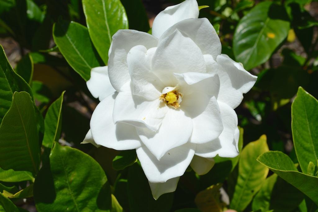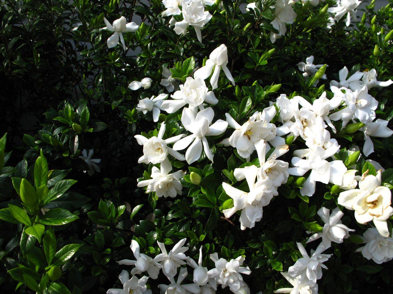 Этот крупный кустарник отличается сильно разветвленными ветвями и круглыми блестящими листьями. Во время цветения он радует глаз множеством мелких махровых цветов, диаметр которых не превышает 3 см, белоснежного оттенка. Гардения также известна своим насыщенным и приятным ароматом.
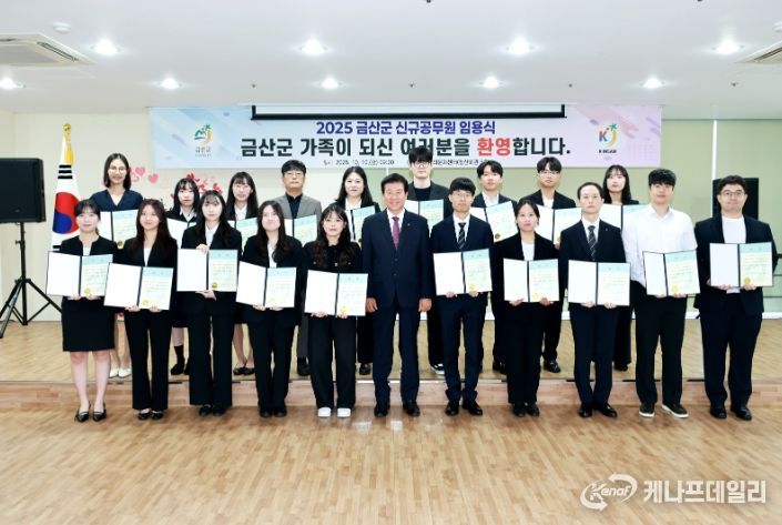 케나프데일리 이은성 기자 | 금산군은 지난 10일 금산읍 청산회관에서 2025년도 신규공무원 임용장 수여식을 개최했다.
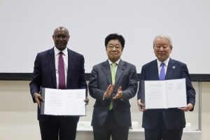 TICAD 9での第6次EPSA発表時の写真:(左から)ケビン・カリウキ アフリカ開発銀行副総裁、加藤勝信 財務大臣、田中明彦 JICA 理事長 (肩書は2025年8月TICAD 9時のもの)
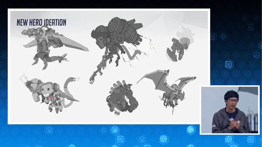 Petit à petit, des visuels et des noms ont été développés pour ces archétypes, comme vous pouvez le constater ci-dessous. Imaginer cinquante archétypes différents est un travail titanesque, mais Kaplan et ses équipes ont finalement trouvé l’idée intéressante, voir carrément entraînante. On notera par exemple que Pharah s’appelait à la base Mercy, cette dernière étant connue sous le nom de… Angelica. Winston et Symmetra étant plus ou moins similaires à ce que l’on connaît aujourd’hui, tandis que Iris semble une version de la future Athéna.
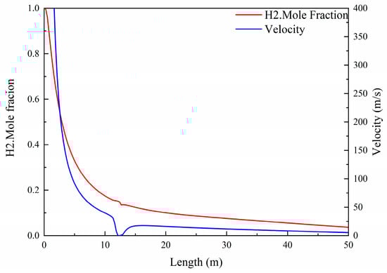 The mole fraction of hydrogen and velocity along the jet centerline.
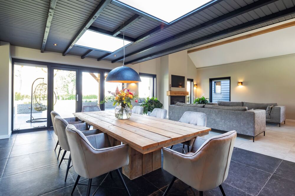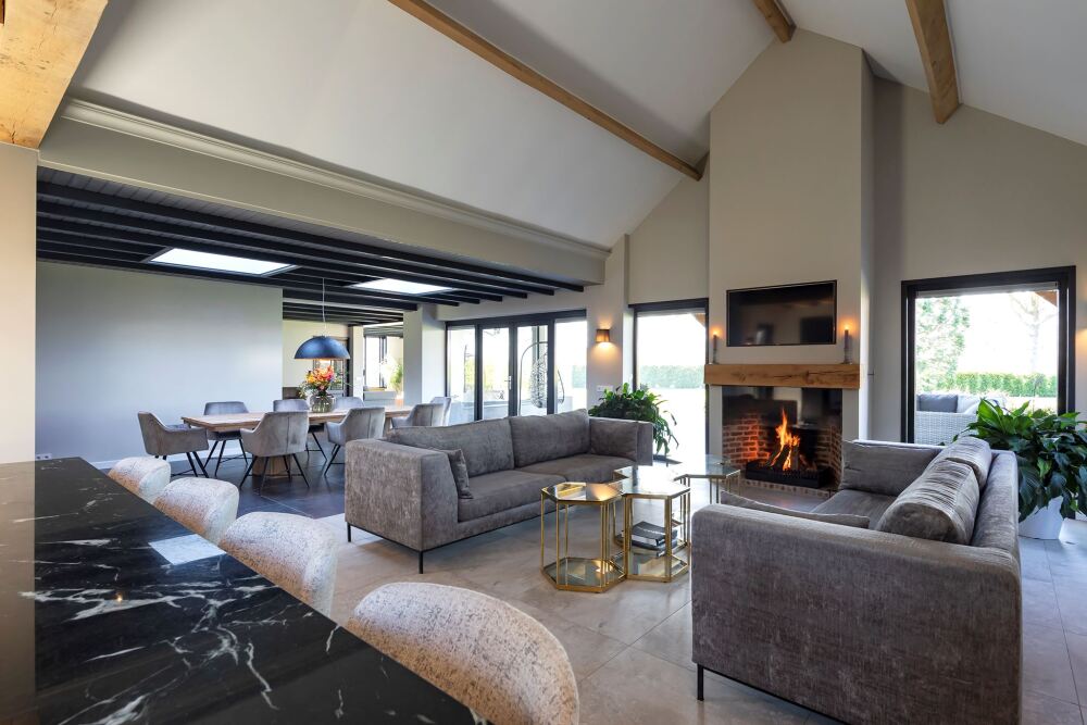 De woonkamer heeft diverse sfeervolle ruimtes waar je heerlijk kunt zitten. De open haard zorgt voor nog meer sfeer en extra warmte in huis. De gehele vloer is overigens voorzien van vloerverwarming. Tussen de woonkamer en de televisieruimte is plaats voor een grote eettafel.

○ ○ ○

■ Problem to solve ■
Find where the line with "TICAD 9での第6次EPSA発表時の写真:(左から)ケビン・カリウキ アフリカ開発銀行副総裁、加藤勝信" sits in the material above and where the line with "The mole fraction" sits. Set down exactly the lines from the first to the second, both included and nothing else, without pictures.

■ Answer to this problem ■
 TICAD 9での第6次EPSA発表時の写真:(左から)ケビン・カリウキ アフリカ開発銀行副総裁、加藤勝信 財務大臣、田中明彦 JICA 理事長 (肩書は2025年8月TICAD 9時のもの)
 Petit à petit, des visuels et des noms ont été développés pour ces archétypes, comme vous pouvez le constater ci-dessous. Imaginer cinquante archétypes différents est un travail titanesque, mais Kaplan et ses équipes ont finalement trouvé l’idée intéressante, voir carrément entraînante. On notera par exemple que Pharah s’appelait à la base Mercy, cette dernière étant connue sous le nom de… Angelica. Winston et Symmetra étant plus ou moins similaires à ce que l’on connaît aujourd’hui, tandis que Iris semble une version de la future Athéna.
 The mole fraction of hydrogen and velocity along the jet centerline.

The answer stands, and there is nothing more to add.